Il grillino col bonus negò un aiuto a chi cura i disabili
■ Egregio direttore, non voglio scriverle circa la polemica sui nomi dei cinque parlamentari che hanno chiesto il bonus da 600 euro per le partite Iva, né per fare distinzione tra chi di loro lo ha chiesto ed ottenuto e chi lo ha chiesto e non lo ha ottenuto. Sono eticamente alla pari. Voglio invece scriverle sul fatto che, mentre i cinque forse avevano già chiesto il bonus, nella seduta alla Camera del 24 aprile, furono 220 i parlamentari della maggioranza che votarono contro l'ordine del giorno a prima firma di Massimiliano De Toma che prevedeva l'estensione del bonus anche ai caregiver familiari, cioè coloro che 24 ore al giorno si prendono cura di un congiunto con disabilità grave.
Tra i 220 vi è il grillino Rizzone, di cui ho letto le scuse per aver chiesto ed ottenuto il bonus. L'on. Rizzone potrà anche restituire il denaro percepito secondo legge, se ciò è di sollievo alla sua coscienza, ma non potrà mai cancellare quel voto contrario con cui, mentre lui otteneva il bonus di cui forse non aveva bisogno, ne impediva la fruizione a migliaia di cittadini elettori, tra cui proprio i caregiver familiari che ne avevano bisogno, tanto più nel periodo di lockdown. Dunque il tema su cui riflettere non è il Rizzone di turno che pur legalmente ha ottenuto il bonus a scapito di altri che forse ne avevano reale necessità, ma il voto espresso dal Rizzone di turno che, mentre chiedeva per sé, negava ad altri e, casualmente, quegli "altri" sono coloro che hanno in famiglia un congiunto con disabilità grave, fattore questo di impoverimento del nucleo familiare.

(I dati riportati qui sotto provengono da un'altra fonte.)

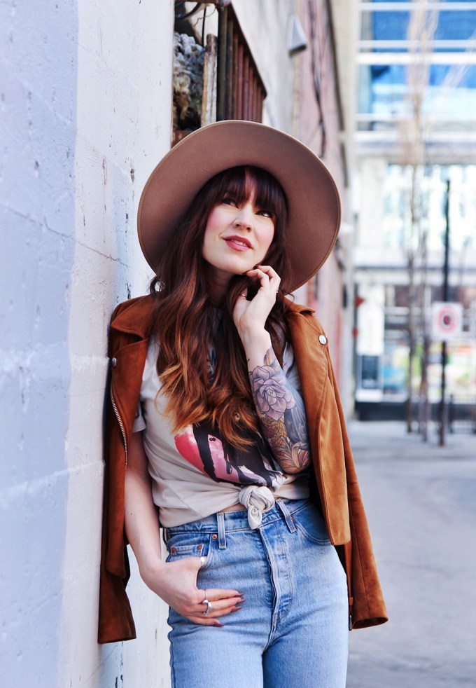 Now that it’s basically spring here in Calgary, i’m trying to incorporate a little more colour into my outfits. This’s a casual look for in between weather, and honestly you just can’t go wrong with a pair of jeans and a band tee. I found this faux suede Moto jacket in the back of my closet, and thought that it was the perfect addition to this look. To accessorize I added my favourite wide brim hat!
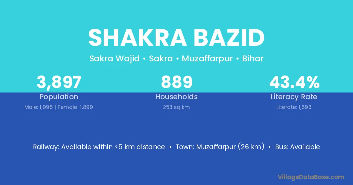 Muzaffarpur (26 km) is the nearest town to Shakra Bazid village for major economic activities and is located approximately 26 km away.
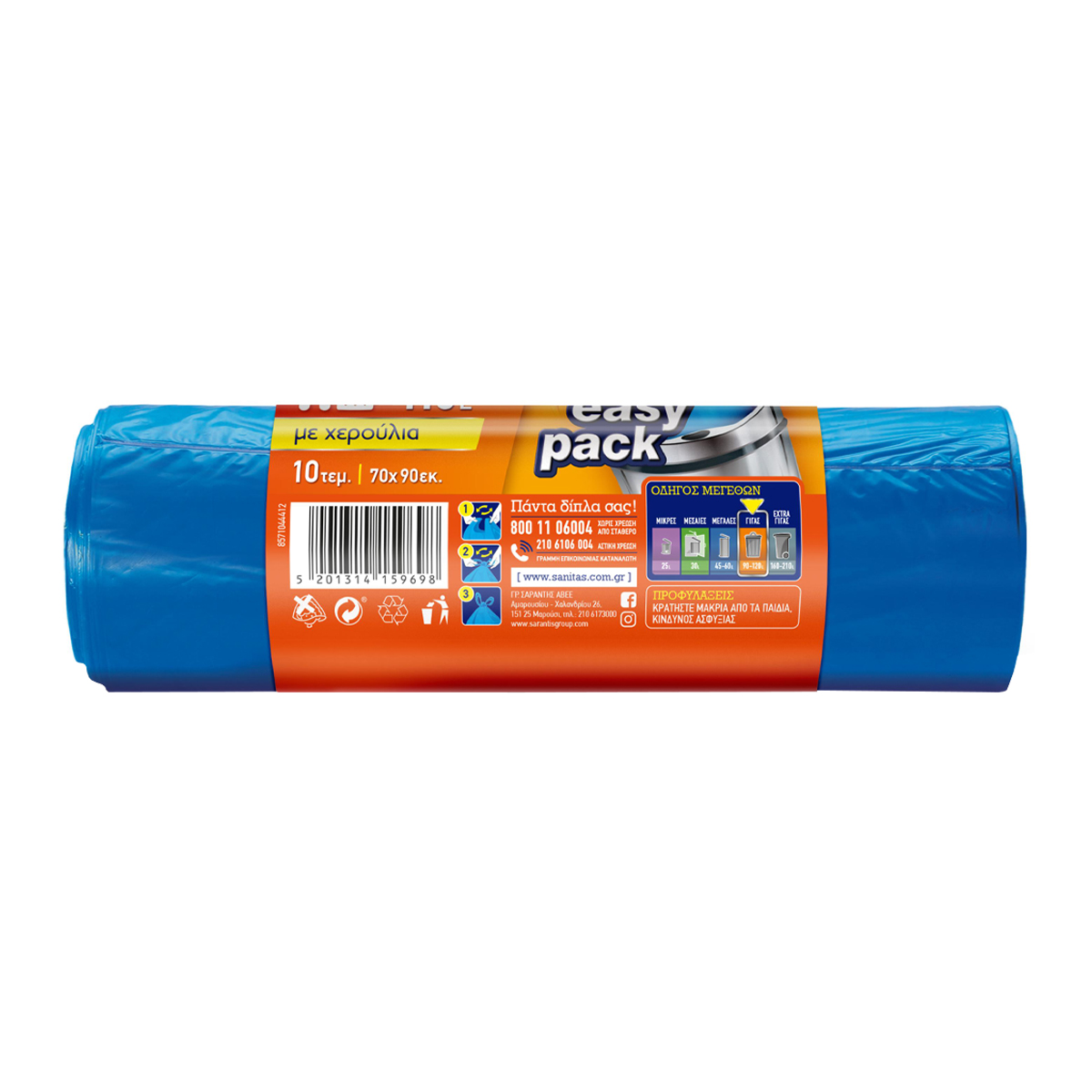 Οι σακούλες απορριμμάτων με χερούλια EASY PACK είναι ανθεκτικές χάρις στην ποιότητα του υλικού και την αστεροειδή ραφή στη βάση τους. Διαθέτουν πρακτικά χερούλια που διευκολύνουν το κλείσιμο και τη μεταφορά των απορριμμάτων σας.
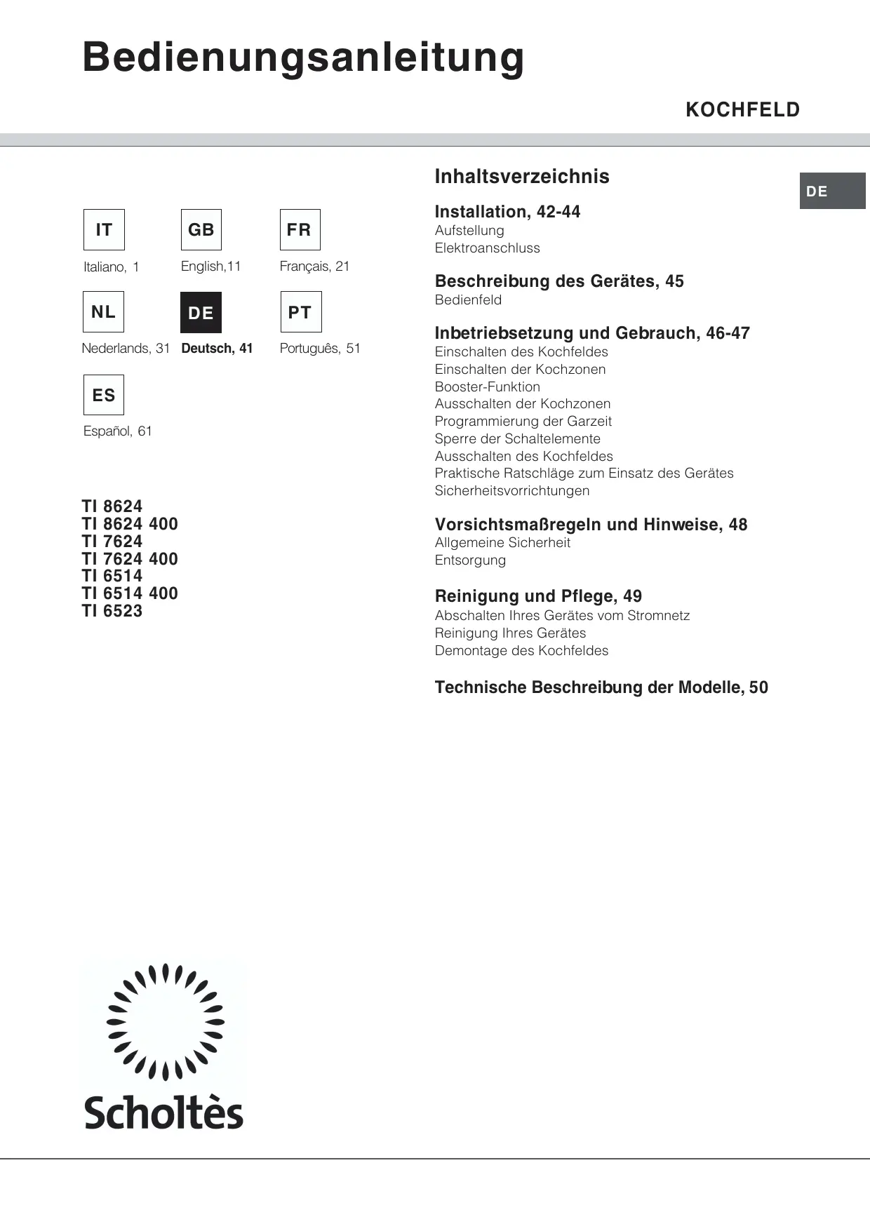 TI 6514 - Kochfeld SCHOLTES - Kostenlose Bedienungsanleitung
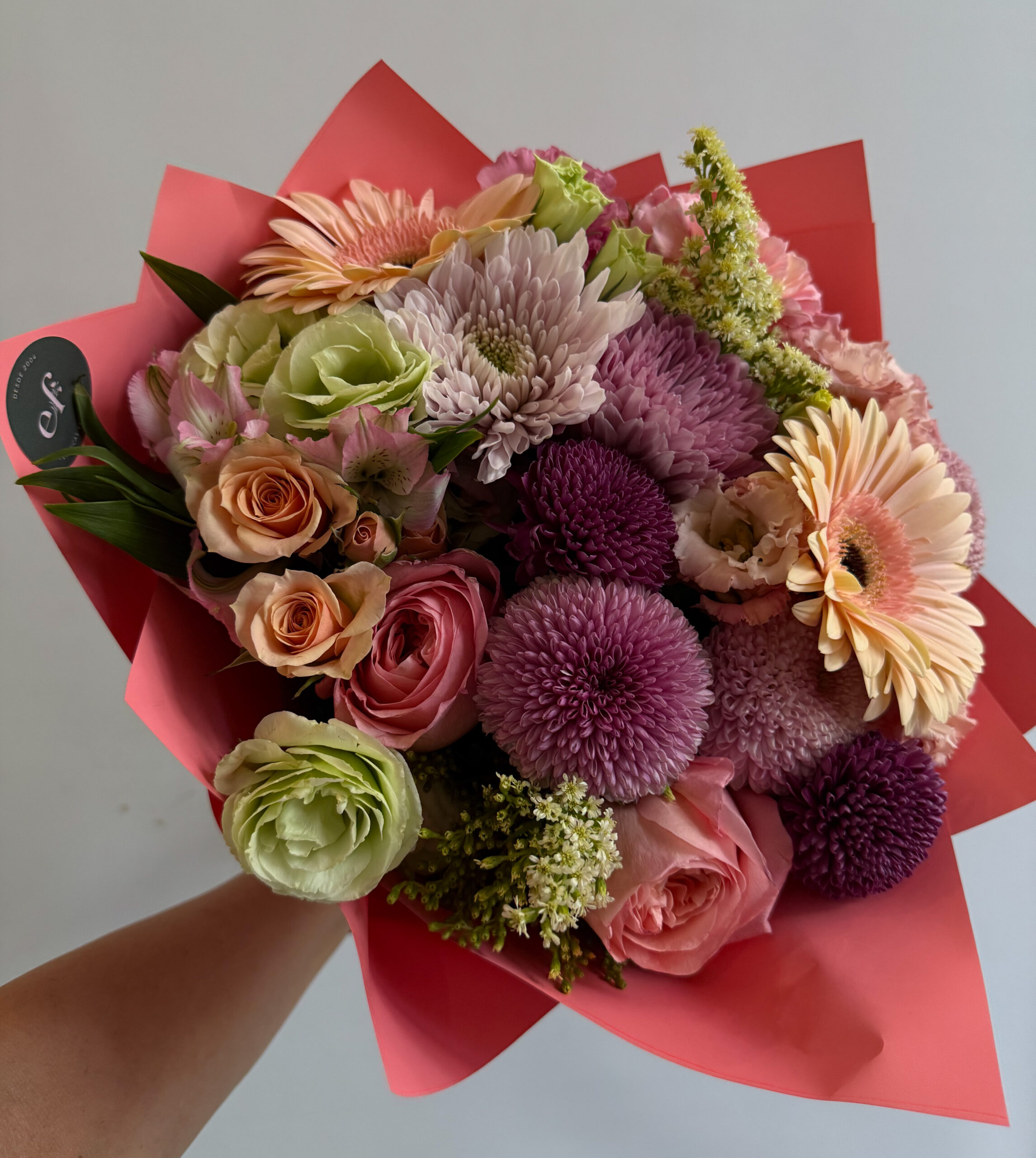 El Ramo de Flores para Regalar – Alegría Sofisticada es una celebración de colores, texturas y emociones, diseñado para sorprender y transmitir cariño en cualquier ocasión especial. Este ramo combina flores frescas en tonos rosados, lilas y verdes suaves, logrando un equilibrio perfecto entre elegancia, alegría y cercanía.
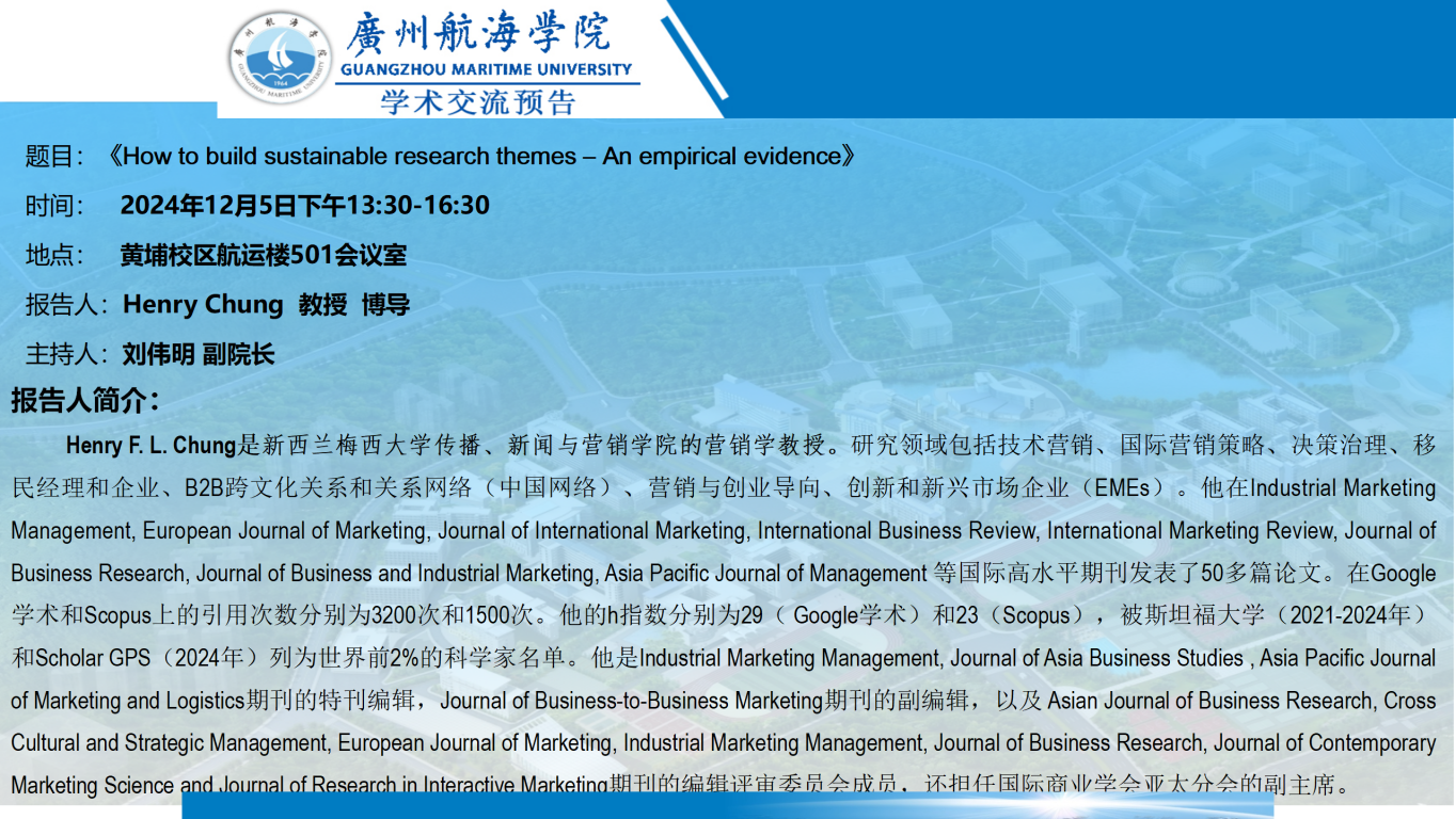 学术交流预告:Henry Chung 教授 博导《How to build sustainable research themes-An empirical evidence》
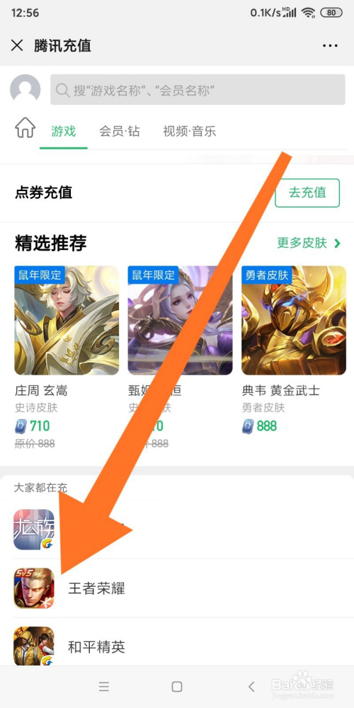 7.如图所示,在这个王者荣耀专区中,我们点击箭头所指的“游戏分区”这里。
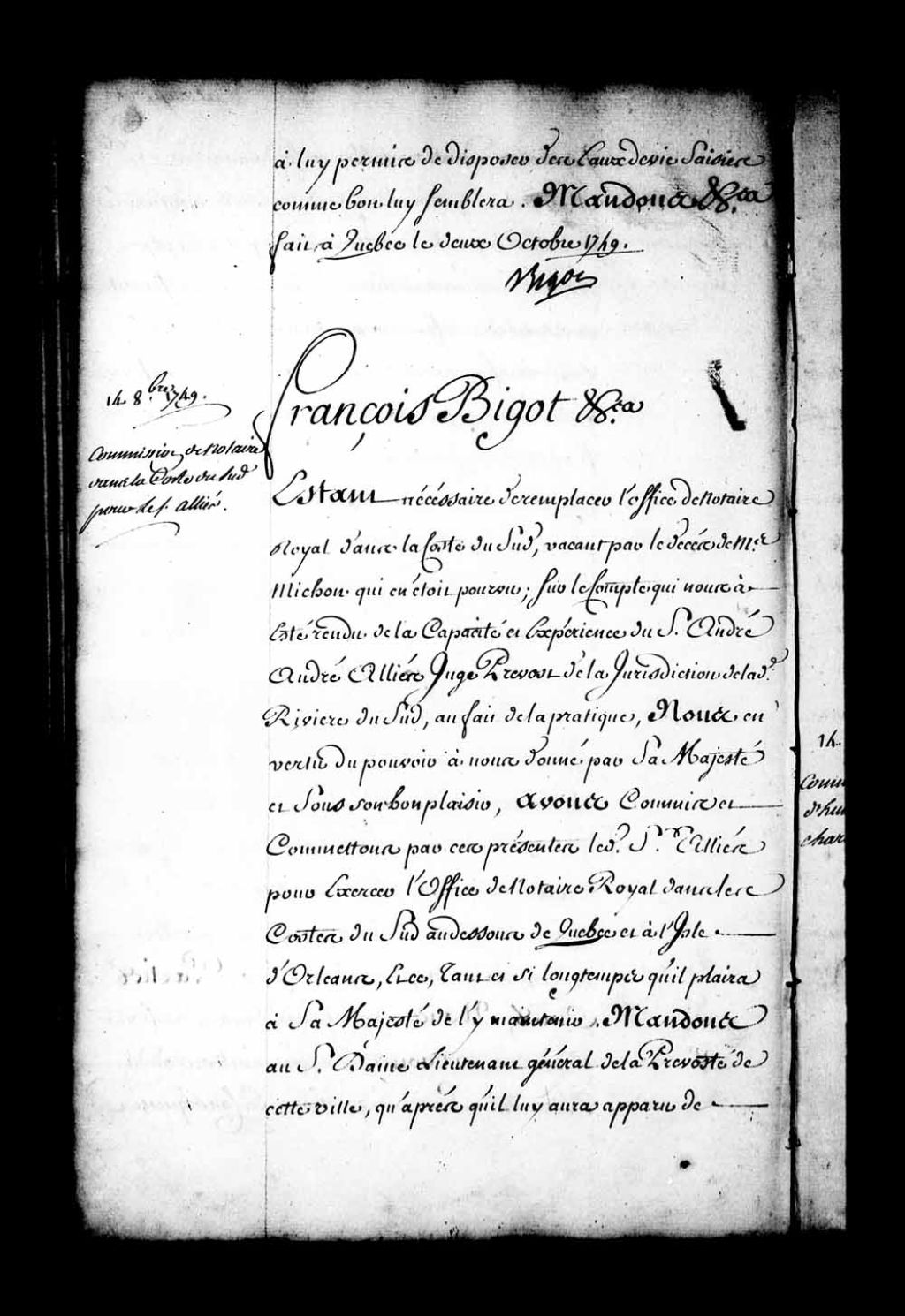 Commission de notaire royal dans les côtes du sud au-dessous de Québec et à l'île d'Orléans par l'intendant Bigot pour André Alliés (Allier), juge prévôt de la Juridiction de la Rivière-du-Sud, en remplacement du sieur Michon, décédé, 14 octobre 1749, Archives nationales à Québec, Fonds Intendants, (03Q,E1,S1,D36,P3927).
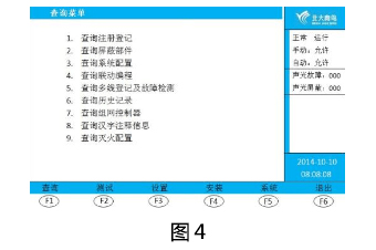 ① 按“功能”鍵,進入選項菜單,按“F1 查詢”鍵,輸入二級密碼,按“確認(rèn)”鍵,進入查詢菜單界面(圖4)。
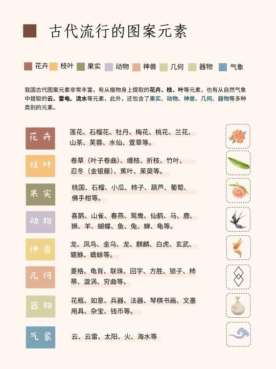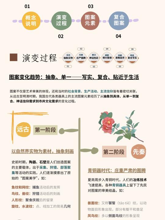 图案不仅是艺术审美的体现,和当时的社会背景、生产活动、主流信仰皆有着密切关联,从远古至明清时期,我国古代各类器具上的主流图案元素经历了从抽象到具体、从单一到复合、神话信仰需求到市井文化需求的变化过程。
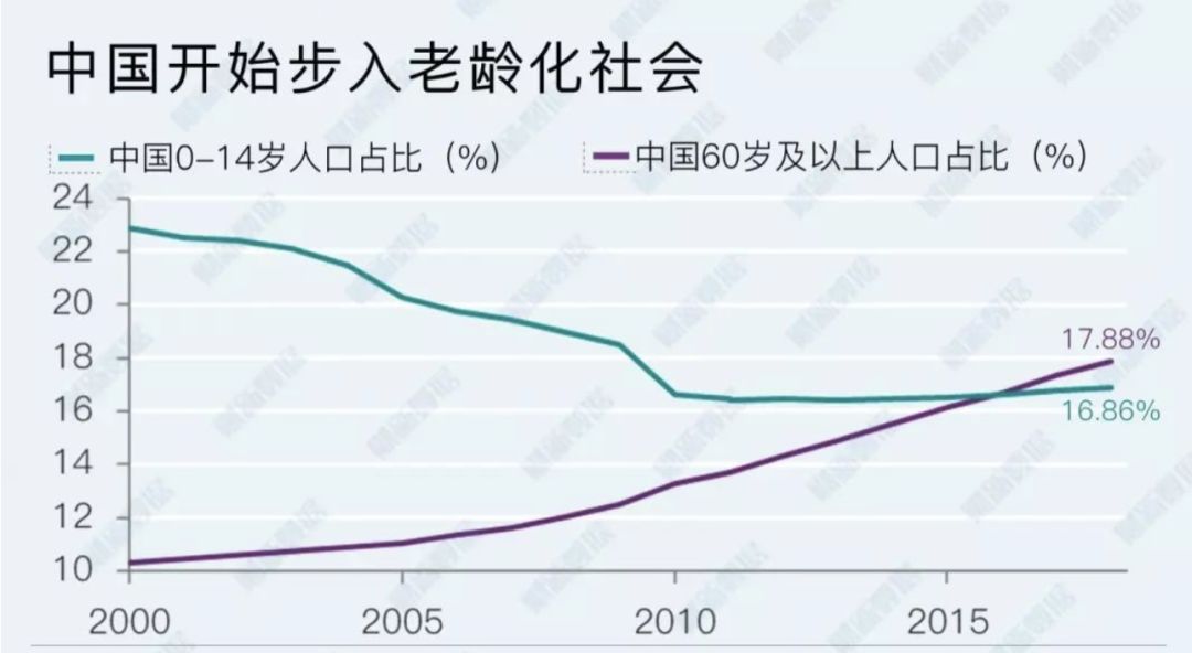 根据国家统计局公布的数据,截至2018年底,中国60岁及以上人口近2.5亿,占总人口的18%,占比连续三年超0-14岁人口比重。其中65岁及以上超1.6亿,占比12%。
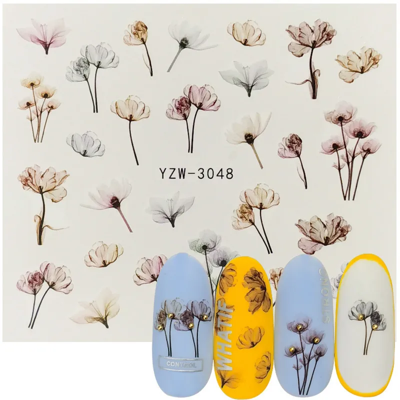 Nail Water Transfer Stickers Flower Leaves Nail Sticker Decals Blossom Colorful Slider Rose Water Full Wraps Nail Art Decoration
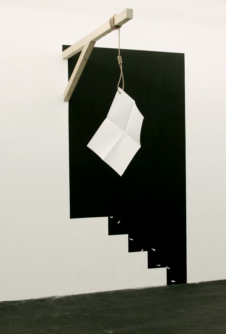 Peintures murales, potence, corde, feuille
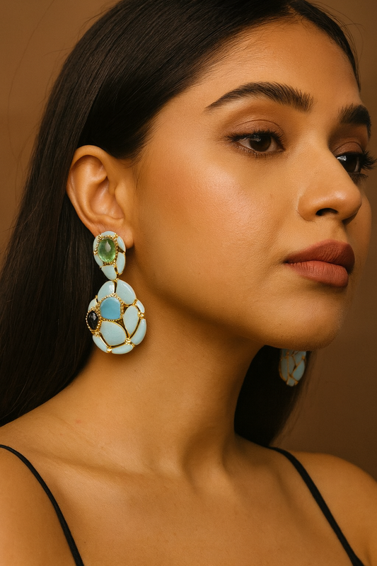 Blue & Green Doublet Statement Earrings

In questa riflessione etica e politica, però, non possiamo consentire che fatti come quello accaduto possano alimentare un sentimento anticasta che facendo di tutta un'erba un fascio tiri la volata, in modo improprio, al taglio lineare dei parlamentari. Non è tagliando la rappresentanza parlamentare che 60 milioni di italiani avranno la certezza che 600 parlamentari al posto di 945 non replicheranno l'accaduto. Non è il titolo di onorevole che qualifica la persona, ma i suoi comportamenti nella vita di tutti i giorni.